Issue Reporting and Security

For reporting bugs, issues, or security vulnerabilities, please visit community.foss.global/. This is the central community hub for all issue reporting. Developers who sign and comply with our contribution agreement and go through identification can also get a code.foss.global/ account to submit Pull Requests directly.

Install 📦

pnpm add @push.rocks/smartrust

Overview 🔭

@push.rocks/smartrust provides a complete bridge for TypeScript applications that need to communicate with Rust binaries. It handles the entire lifecycle — binary discovery, process spawning or socket connection, request/response correlation, streaming responses, event pub/sub, and graceful shutdown — so you can focus on your command definitions instead of IPC plumbing.

Two Transport Modes 🔌

Mode	Method	Use Case
Stdio	bridge.spawn()	Spawn the Rust binary as a child process. Communicate via stdin/stdout.
Socket	bridge.connect(path)	Connect to an already-running Rust daemon via Unix socket or Windows named pipe.

The JSON protocol is identical in both modes — only the transport layer changes. Socket mode enables use cases where the Rust binary runs as a privileged system service (e.g., a VPN daemon needing root for TUN devices, a network proxy binding to privileged ports) while the TypeScript app connects to it unprivileged.

Why? 🤔

If you're integrating Rust into a Node.js project, you'll inevitably need:

• A way to find the compiled Rust binary across different environments (dev, CI, production, platform packages)
• A way to spawn it or connect to it and establish reliable two-way communication
• Type-safe request/response patterns with proper error handling
• Streaming responses for progressive data processing, log tailing, or chunked transfers
• Event streaming from Rust to TypeScript
• Graceful lifecycle management (ready detection, clean shutdown, auto-reconnection)

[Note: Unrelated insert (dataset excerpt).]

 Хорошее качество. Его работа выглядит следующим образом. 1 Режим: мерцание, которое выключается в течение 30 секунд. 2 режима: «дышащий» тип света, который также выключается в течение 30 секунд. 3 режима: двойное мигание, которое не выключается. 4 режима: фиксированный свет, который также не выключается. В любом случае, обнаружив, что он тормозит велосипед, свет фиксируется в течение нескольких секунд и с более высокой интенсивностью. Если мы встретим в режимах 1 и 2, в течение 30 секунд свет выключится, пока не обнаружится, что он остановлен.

smartrust wraps all of this into a clean API: RustBridge, RustBinaryLocator, StreamingResponse, and pluggable transports.

Usage 🚀

The IPC Protocol

smartrust uses a simple, newline-delimited JSON protocol:

Direction	Format	Description
TS → Rust (Request)	{"id": "req_1", "method": "start", "params": {...}}	Command with unique ID
Rust → TS (Response)	{"id": "req_1", "success": true, "result": {...}}	Final response correlated by ID
Rust → TS (Error)	{"id": "req_1", "success": false, "error": "msg"}	Error correlated by ID
Rust → TS (Stream Chunk)	{"id": "req_1", "stream": true, "data": {...}}	Intermediate chunk (zero or more)
Rust → TS (Event)	{"event": "ready", "data": {...}}	Unsolicited event (no ID)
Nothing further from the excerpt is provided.